Thanks for this post and the invitation to comment! Please forgive any grammatical or typographical errors. Severe lack of time on my end...
First of all, I don't understand how you get the p-value in your coin flip example. A binomial test should give you p<0.01 in that situation? Simulation (parametric bootstrap, if you will) also gives me 0.01ish. I'm probably missing something...
Anyway, I think there is a very big and stubborn misunderstanding in this whole debate. As you will see in my blog post, I account for the possibility that the swan might just be really filthy (although my example was poor lighting). Of course results can be flukes. Most results probably are, especially if the experiment lacks power/sensitivity.
I never argued that replicators (henceforth, the "muggles") must explain their failure to replicate. I am arguing that *all* science should seek to explain observations. This includes the experiments by the original authors (the "wizards"). I advocate what Platt called "strong inference".
The null hypothesis is not a very strong hypothesis. It is certainly true in many situations but your argument is purely statistical. Accumulating a lot of evidence supporting the null is *not* a way falsify the hypothesis. Instead you are merely doing what Psi researchers are doing when they collect lots of data that appears consistent with precognition or telepathy. You are not confirming the existence (or the absence) of anything. You are simply observing.
There is nothing wrong with observation. We need observation in science and it is perhaps even good to have more of it. As Tony Movshon said in some online debate I saw "I'd never be against the accumulation of knowledge." I just expect science to do more.
Returning to your coin flip example, as a muggle you simply cannot ever be sure that you aren't somehow doing it wrong. In fact, you can't even be sure that you are using the same coin as the wizard. Even if a lot of muggles get together they cannot really be sure that they aren't somehow doing it wrong - although I would concede that the more coin flips are being done, the stronger the evidence that the coin is fair. However, I would argue that it is a waste of time to do that for every single coin out there...
I did not say you need to explain why you failed to reproduce the results. I am arguing that when you design an experiment, you should try to make inferences about the world. Replication should not be the domain of muggles. Replication should be part of *all* studies. So whenever you design a experiments that is based on previous literature (which is true for almost all experiments) you should incorporate a replication in that study. This is really just a question of good experimental design.
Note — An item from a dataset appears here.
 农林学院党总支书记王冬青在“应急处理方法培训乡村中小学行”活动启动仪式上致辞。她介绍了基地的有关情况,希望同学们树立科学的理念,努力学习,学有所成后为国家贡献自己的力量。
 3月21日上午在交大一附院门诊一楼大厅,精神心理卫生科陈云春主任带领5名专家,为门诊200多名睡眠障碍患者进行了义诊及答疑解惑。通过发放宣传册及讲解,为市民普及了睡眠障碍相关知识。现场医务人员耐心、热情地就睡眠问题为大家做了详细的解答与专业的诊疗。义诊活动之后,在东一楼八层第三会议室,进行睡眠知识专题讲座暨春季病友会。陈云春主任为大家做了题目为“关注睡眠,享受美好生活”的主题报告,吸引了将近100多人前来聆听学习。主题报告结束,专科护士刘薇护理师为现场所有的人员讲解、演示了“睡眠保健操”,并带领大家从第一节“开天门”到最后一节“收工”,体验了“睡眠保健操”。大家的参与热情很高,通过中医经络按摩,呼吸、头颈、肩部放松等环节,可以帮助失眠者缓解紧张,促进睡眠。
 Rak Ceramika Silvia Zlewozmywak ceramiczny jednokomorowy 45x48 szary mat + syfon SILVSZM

It is fair enough if that replication fails. You can then report that whole experiment in such a way:
"Previous research showed X.
Here we tested whether X could be due to Y.
We failed to replicate X.
When we tested Y, we found Z.
We reject our hypothesis that X causes Y.
Instead we learned that Y causes Z.
It is possible that X was a fluke."
It really mystifies me why nobody seems to understand that this is a better way to do science than what muggles are doing:
"Previous research showed X.
We don't believe X exists.
We tried but failed to find X.
X could have been a fluke unless we did something wrong.
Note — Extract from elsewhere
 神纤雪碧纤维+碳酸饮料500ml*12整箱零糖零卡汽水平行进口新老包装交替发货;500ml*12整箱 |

We have learned nothing new about the world whatsoever."
It is perfectly acceptable to say "I don't believe this". It's even better if you can say why you don't believe it but that's perhaps optional. But if your working hypothesis is that X was a fluke (or due to QRPs), then there is probably no experiment that can confirm or even strongly support this hypothesis.
Posted by: Sam Schwarzkopf | 10 April 2015 at 01:22 AM
What's the p-value of the second picture not being the capture of a hippo ? Does it depend on the quality of your vision ? of your attention ? of your knowledge about animals (and burgers) ?
By the way, I agree with you, the experiments of others shall not impose commentaries -just maybe citations- ...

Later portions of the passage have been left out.